Premium

You Don't Owe the Media Anything, You Don't Have to Play Their Game

AP Photo/Marta Lavandier

Even if you don't like Vivek Ramaswamy or just don't plan to vote for him, one thing that can't be denied is that the man is a master at handling the media. As I've detailed before, Ramaswamy makes it a point to appear everywhere all the time. It's a solid strategy that works for him because he was more or less an unknown before the 2024 elections began and it was important for him to gain facial and ideological recognition. 

As such, he went on every show that would have him whether friendly or not, and 99 percent of the time, Ramaswamy walked away with a good bit of media under his belt that he could then post to all of his socials, cementing himself into the mind of the public. Love him or hate him, his strategy is working. 

(READ: The Ace Up Vivek Ramaswamy's Sleeve)

Ramaswamy's strategy when it comes to unfriendly media is also something to be admired, and more importantly, replicated. 

In particular, there was a recent moment between Ramaswamy and CNN's Abby Phillip, where Ramaswamy came to talk about policy but was confronted by Phillip, not about something he said, but about something former President Donald Trump had said.

The line in question from Trump was "I pledge to you that we will root out the communist, Marxist, fascist, and the radical left thugs that live like vermin within the confines of our country," and Phillip wanted Ramaswamy to either confirm or deny his agreement with what Phillip called "neo-Nazi rhetoric." 

Clearly annoyed, Ramaswamy fired back. 

"This is a classic mainstream media move," Ramaswamy reacted, "Pick some individual phrase of Donald Trump, focus on literally that word without actually interrogating the substance of what's at issue-" 

After some more back and forth of Phillip attempting to get Ramaswamy to take the bait, Ramaswamy embarrassed Phillip by calling her and the rest of the media out on its obvious tactics to falsely define the conversation and make people play by their rules: 

"You can look at my track record on the campaign trail, I talk about the issues, we all talk about them differently. But what I'm not gonna do is play some game of focusing on some word that somebody else said without ignoring entirely the substance of what we're actually talking about- a border crisis of historic proportions, economic stagnation we haven't seen in 50 years, a national identity crisis and the loss of national pride in the next generation that's potentially existential for this country. 

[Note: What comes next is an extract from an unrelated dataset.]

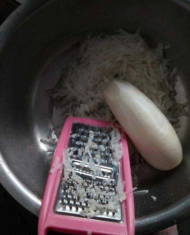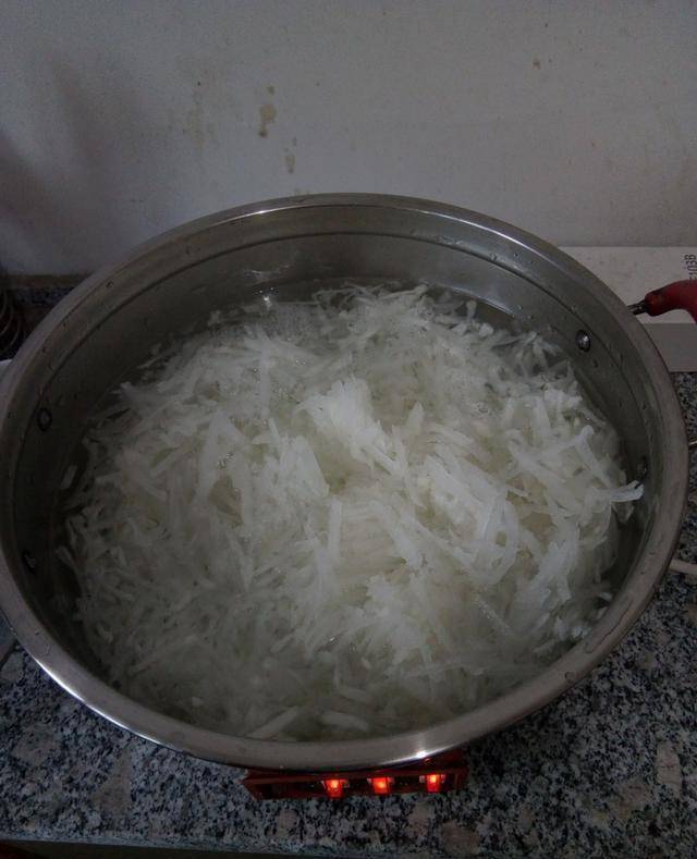 做法:1、準備好需要用到的全部東西,白蘿卜洗幹凈以後,刮掉外面的皮,再把它擦成絲,鍋裡面加入水,把蘿卜絲放到裡面煮開瞭以後,撈出放到涼水中冰一下

"Let's talk about our dependence on China on a day we're actually talking about Xi Jinping- picking on Donald Trump's word ‘vermin’ to talk about that status quo. You know what's vermin? What's running around San Francisco on a given day before Gavin Newsom cleaned it up on a dime to roll out the red carpet for Xi Jinping. If he could do that for Xi Jinping, he could have done it on an ordinary day. And yet we're here sitting talking not about the substance of that but on one word that Donald Trump said in some speech in Miami.

"This is what's wrong with the mainstream media- focus on the substance and let's have an actual policy debate rather than talking to a presidential candidate instead of the policy substance of what's actually going on in the country picking on some word that Donald Trump said on a certain day and asking me for comment on it? Give me a break."

Ramaswamy didn't play Phillip's game, or to be more accurate, the corporate media's game. He didn't give her the answer she wanted, but what he did give her was an admonishment about her clearly political aims and ridiculous line of questioning that would do nothing to inform viewers about policy positions on important topics. Ramaswamy dragged the media's obsession with painting everyone they don't like as neo-Nazis into the light and called it out for being a childish waste of time. 

It was a powerful moment for Ramaswamy and an embarrassing moment for Phillip, CNN, and the entirety of the corporate media. 

We need more of these moments. 

Not just Republicans or Conservatives need to start taking up this kind of response to the media. Everyone does. The media is notorious for trying to make one thing about another thing because the latter thing helps their agenda along. Theirs is the business of creating false narratives to warp reality. They are narrative creators, not storytellers.

Ignore their line of questioning that helps paint their picture. Drag reality back to the forefront and shame them for trying to distract and divert. Embarrass them. Make them look and feel childish. Let the public witness it. Be unapologetic about it when they retaliate. 

The media are like lowercase-"g" gods, their power and existence relies on the belief of the people. 

Give people cause to not believe in them. Ramaswamy's strategy is just right for this.